Ignoring every picture, return the lines of the listing below word for word, from the line that holds "Sau lễ nhập" through the line that holds "Wodomierz jednostrumieniowy suchobieżny".

» **Record set**
Start of Block
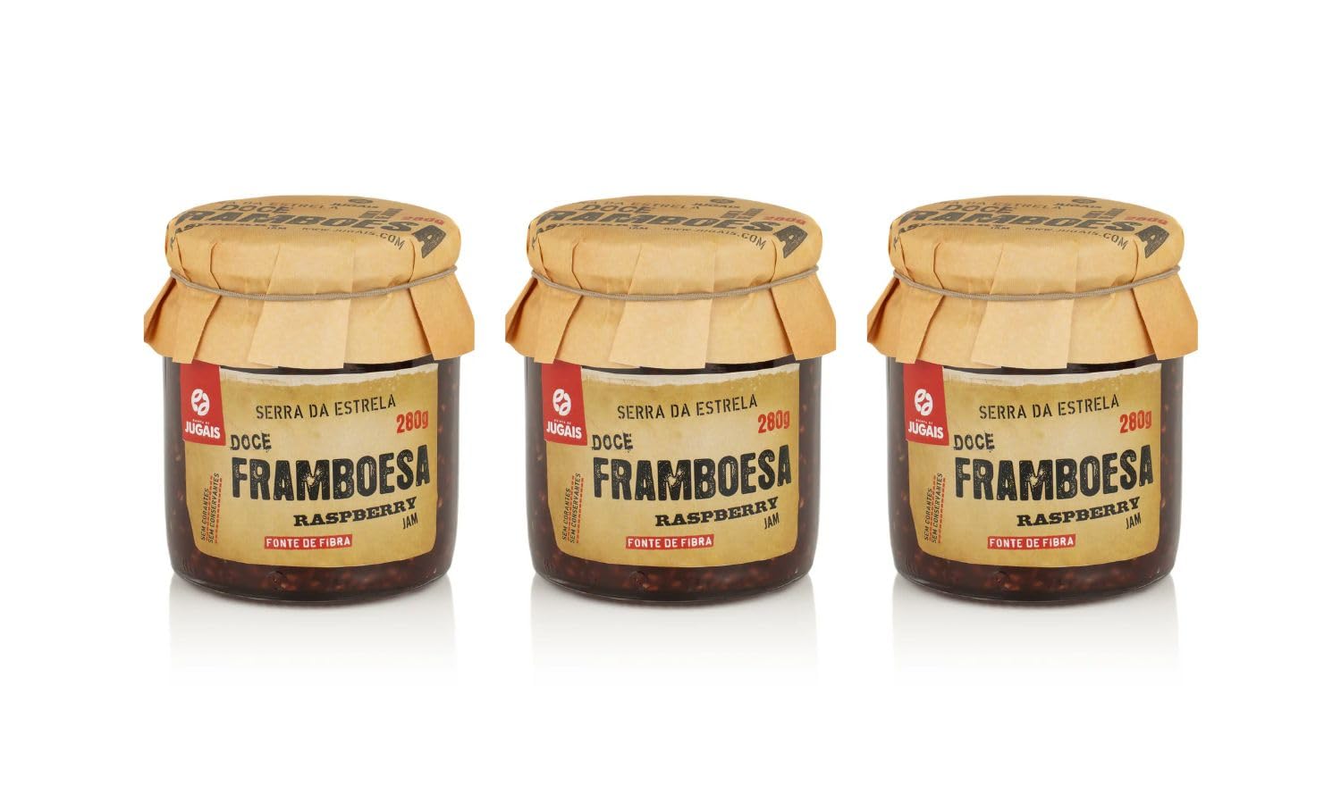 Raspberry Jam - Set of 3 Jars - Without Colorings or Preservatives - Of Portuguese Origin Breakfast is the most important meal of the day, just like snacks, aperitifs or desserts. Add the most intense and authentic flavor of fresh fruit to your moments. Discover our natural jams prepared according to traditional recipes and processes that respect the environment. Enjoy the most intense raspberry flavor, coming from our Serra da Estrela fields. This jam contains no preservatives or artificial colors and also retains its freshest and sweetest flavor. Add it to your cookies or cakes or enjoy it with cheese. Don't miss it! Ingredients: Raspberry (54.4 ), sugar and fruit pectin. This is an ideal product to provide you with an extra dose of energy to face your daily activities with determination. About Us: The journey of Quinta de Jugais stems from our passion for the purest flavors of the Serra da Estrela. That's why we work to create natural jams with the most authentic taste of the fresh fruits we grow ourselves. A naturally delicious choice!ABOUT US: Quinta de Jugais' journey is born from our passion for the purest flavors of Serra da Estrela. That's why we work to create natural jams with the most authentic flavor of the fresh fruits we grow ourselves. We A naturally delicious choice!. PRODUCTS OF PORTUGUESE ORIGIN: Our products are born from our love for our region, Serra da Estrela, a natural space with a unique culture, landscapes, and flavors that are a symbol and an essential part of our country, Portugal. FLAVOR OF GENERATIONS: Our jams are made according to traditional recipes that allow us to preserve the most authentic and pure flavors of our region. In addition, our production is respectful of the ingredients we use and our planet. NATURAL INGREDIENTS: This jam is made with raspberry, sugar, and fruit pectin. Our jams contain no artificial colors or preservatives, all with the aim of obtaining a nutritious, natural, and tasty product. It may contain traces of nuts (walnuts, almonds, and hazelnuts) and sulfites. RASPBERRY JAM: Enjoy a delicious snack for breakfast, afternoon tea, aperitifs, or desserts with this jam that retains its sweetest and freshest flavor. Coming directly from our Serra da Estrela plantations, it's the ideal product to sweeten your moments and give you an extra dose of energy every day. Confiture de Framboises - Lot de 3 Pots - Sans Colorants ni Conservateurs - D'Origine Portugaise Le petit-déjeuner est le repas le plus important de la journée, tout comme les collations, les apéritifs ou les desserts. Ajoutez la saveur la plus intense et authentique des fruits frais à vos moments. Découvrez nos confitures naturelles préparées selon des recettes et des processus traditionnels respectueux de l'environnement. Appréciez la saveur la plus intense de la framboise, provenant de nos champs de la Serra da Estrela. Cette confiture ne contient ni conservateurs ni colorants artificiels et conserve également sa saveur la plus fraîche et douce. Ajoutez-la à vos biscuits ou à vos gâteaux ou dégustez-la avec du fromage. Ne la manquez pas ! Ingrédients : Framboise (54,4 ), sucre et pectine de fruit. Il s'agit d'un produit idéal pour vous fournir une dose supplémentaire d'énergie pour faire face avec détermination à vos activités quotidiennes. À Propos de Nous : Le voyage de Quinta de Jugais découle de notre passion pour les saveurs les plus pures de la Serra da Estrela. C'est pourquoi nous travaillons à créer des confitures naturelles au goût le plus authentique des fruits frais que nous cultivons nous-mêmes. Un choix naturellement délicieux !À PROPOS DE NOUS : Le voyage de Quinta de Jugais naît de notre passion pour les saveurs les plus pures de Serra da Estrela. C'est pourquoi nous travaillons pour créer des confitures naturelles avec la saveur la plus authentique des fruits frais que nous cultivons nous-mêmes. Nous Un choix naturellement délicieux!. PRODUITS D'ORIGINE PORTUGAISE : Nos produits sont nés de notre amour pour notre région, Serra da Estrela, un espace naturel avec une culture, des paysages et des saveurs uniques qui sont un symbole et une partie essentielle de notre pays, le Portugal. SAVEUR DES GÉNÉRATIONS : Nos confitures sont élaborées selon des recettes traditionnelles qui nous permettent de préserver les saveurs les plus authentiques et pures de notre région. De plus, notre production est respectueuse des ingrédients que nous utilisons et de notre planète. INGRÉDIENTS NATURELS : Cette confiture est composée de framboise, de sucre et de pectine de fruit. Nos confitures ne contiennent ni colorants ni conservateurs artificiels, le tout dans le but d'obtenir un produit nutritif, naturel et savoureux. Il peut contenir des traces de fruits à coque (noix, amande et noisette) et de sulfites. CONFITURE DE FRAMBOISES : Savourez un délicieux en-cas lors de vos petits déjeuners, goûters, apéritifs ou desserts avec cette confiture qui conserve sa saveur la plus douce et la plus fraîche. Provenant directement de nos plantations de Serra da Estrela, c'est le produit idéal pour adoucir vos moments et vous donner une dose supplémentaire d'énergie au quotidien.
End of Block
Start of Block
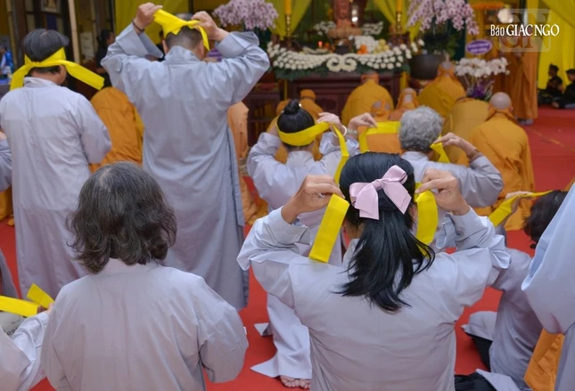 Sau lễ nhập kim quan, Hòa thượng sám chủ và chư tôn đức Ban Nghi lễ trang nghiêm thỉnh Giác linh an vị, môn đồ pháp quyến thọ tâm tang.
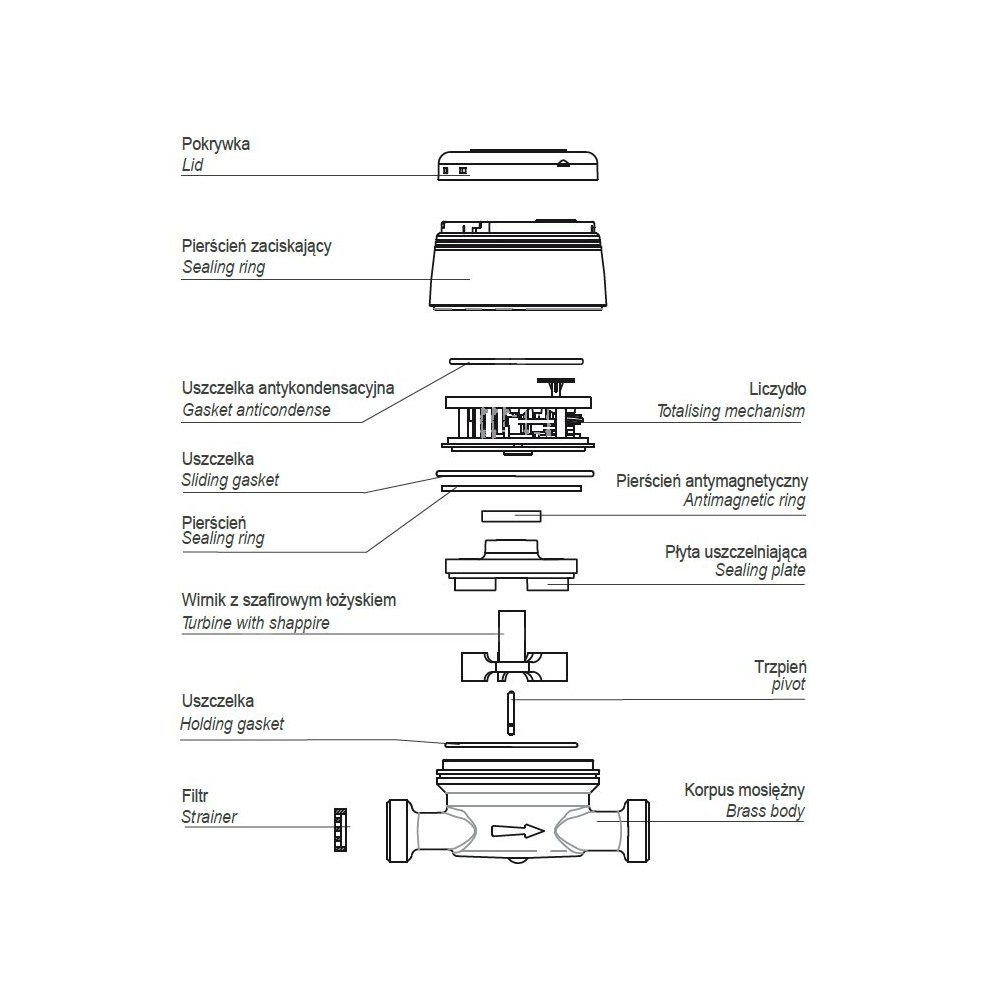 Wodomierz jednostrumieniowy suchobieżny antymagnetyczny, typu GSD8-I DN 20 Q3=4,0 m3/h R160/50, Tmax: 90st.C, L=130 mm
End of Block
» **Solution for this exercise**
 Sau lễ nhập kim quan, Hòa thượng sám chủ và chư tôn đức Ban Nghi lễ trang nghiêm thỉnh Giác linh an vị, môn đồ pháp quyến thọ tâm tang.
 Wodomierz jednostrumieniowy suchobieżny antymagnetyczny, typu GSD8-I DN 20 Q3=4,0 m3/h R160/50, Tmax: 90st.C, L=130 mm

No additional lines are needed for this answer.